Available data -
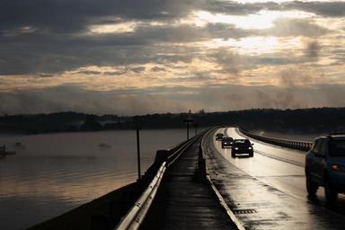 Keywords: bridge sunrise water boat car traffic street rain
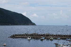 食見海岸は、濁りはありませんが、0.5mほどの波があります。
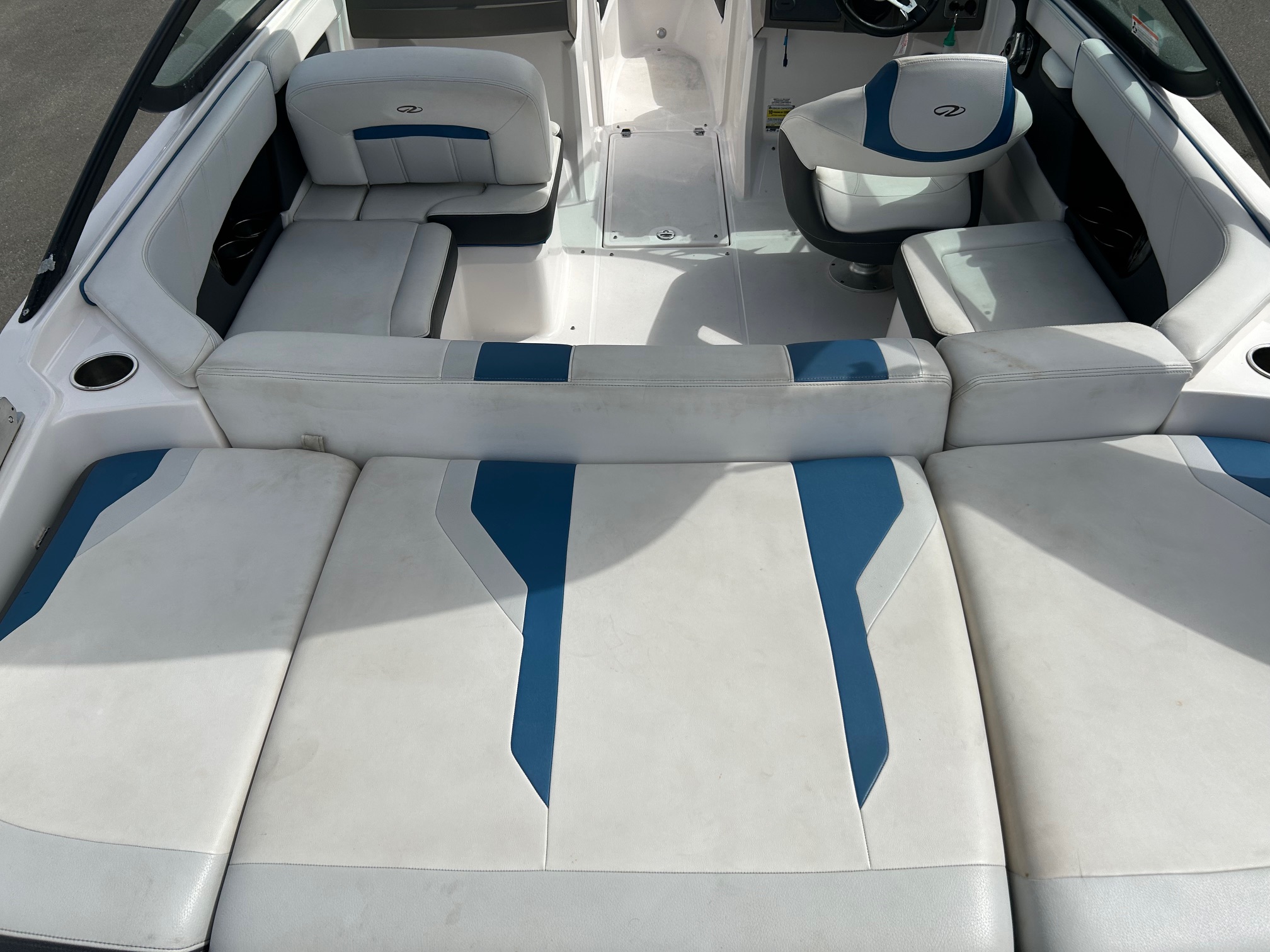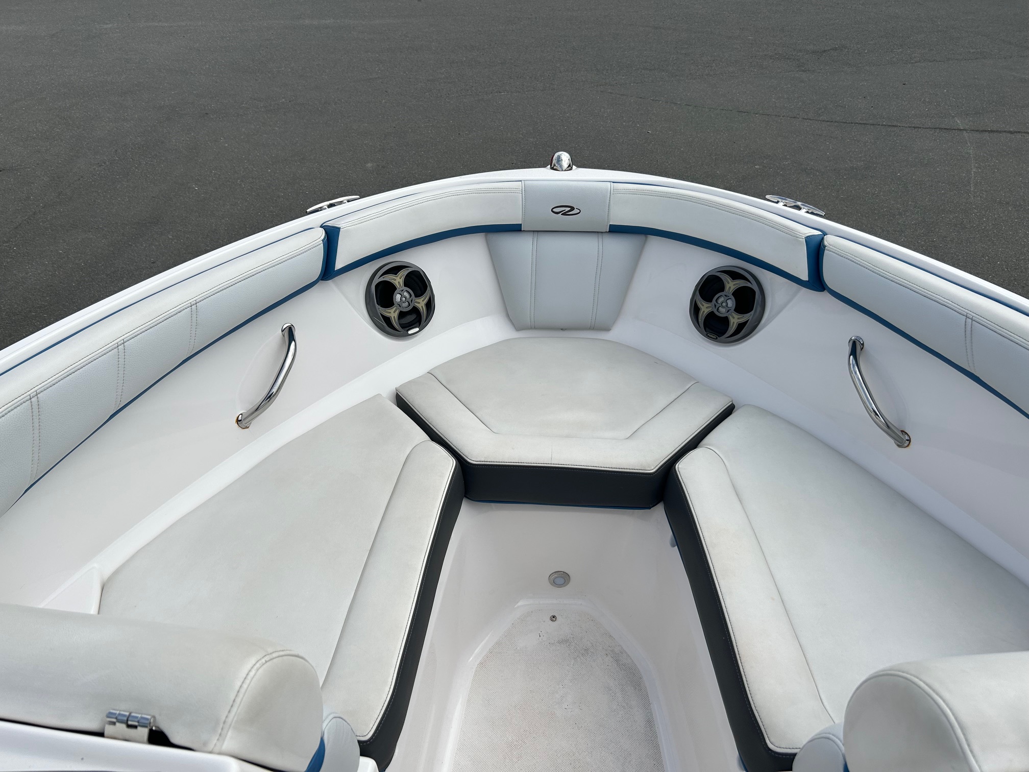 - Seating & Layout: Features wraparound cockpit seating, a swiveling helm seat, and a versatile observer seat that flips forward or aft.

Problem description -
Pictures are to be left out; otherwise, copy exactly each line from the one containing "食見海岸は、濁りはありませんが、0.5mほどの波があります。" through the last line of the listing.

Task solution -
 食見海岸は、濁りはありませんが、0.5mほどの波があります。
 - Seating & Layout: Features wraparound cockpit seating, a swiveling helm seat, and a versatile observer seat that flips forward or aft.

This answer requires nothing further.